» Entries taken from a collection:

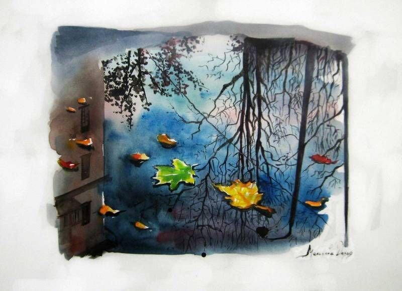 Листья в луже акварель
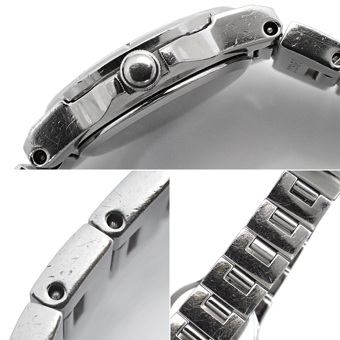 | 状態 | ステンレススチール全体に傷や打ち跡・くすみ・汚れがあり、風防には小傷や汚れ、文字盤にゴミの混入などがあります。 |
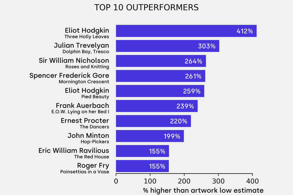 The outperformer sold for 412% above its low estimate. Eliot Hodgkin, Three Holly Leaves (1958), sold for $48,300 ($9,418 low estimate). It has been traded twice in the past.
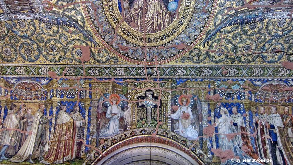 Die gesamte Decke der Gedächtniskirche ist mit prunkvollen Mosaiken verziert. Bild oben links: Der Zug der Hohenzollern: Hier schreiten die jüngeren Herrscher, angeführt von Königin Luise, zum Abendmahl. |
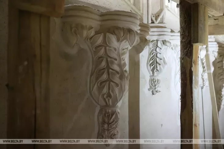 Самай складанай задачай стала аднаўленне ўнікальнага ляпнога дэкору інтэр'ера — тых самых знакамітых нервюр, якія ствараюць эфект ажурнага павуціння пад столлю. Скульптары і мастакі, сярод якіх быў вядомы майстар Павел Рабаў, гадамі працавалі ў складаных умовах, каб вярнуць гіпсавым элементам першапачатковы выгляд.

» What you are asked to do:
Restate the data exactly, though only from the line that contains "状態 | ステンレススチール全体に傷や打ち跡・くすみ・汚れがあり、風防には小傷や汚れ、文字盤にゴミの混入などがあります。 |" through its last line, both ends included and with the pictures left out.

» Expected answer:
 | 状態 | ステンレススチール全体に傷や打ち跡・くすみ・汚れがあり、風防には小傷や汚れ、文字盤にゴミの混入などがあります。 |
 The outperformer sold for 412% above its low estimate. Eliot Hodgkin, Three Holly Leaves (1958), sold for $48,300 ($9,418 low estimate). It has been traded twice in the past.
 Die gesamte Decke der Gedächtniskirche ist mit prunkvollen Mosaiken verziert. Bild oben links: Der Zug der Hohenzollern: Hier schreiten die jüngeren Herrscher, angeführt von Königin Luise, zum Abendmahl. |
 Самай складанай задачай стала аднаўленне ўнікальнага ляпнога дэкору інтэр'ера — тых самых знакамітых нервюр, якія ствараюць эфект ажурнага павуціння пад столлю. Скульптары і мастакі, сярод якіх быў вядомы майстар Павел Рабаў, гадамі працавалі ў складаных умовах, каб вярнуць гіпсавым элементам першапачатковы выгляд.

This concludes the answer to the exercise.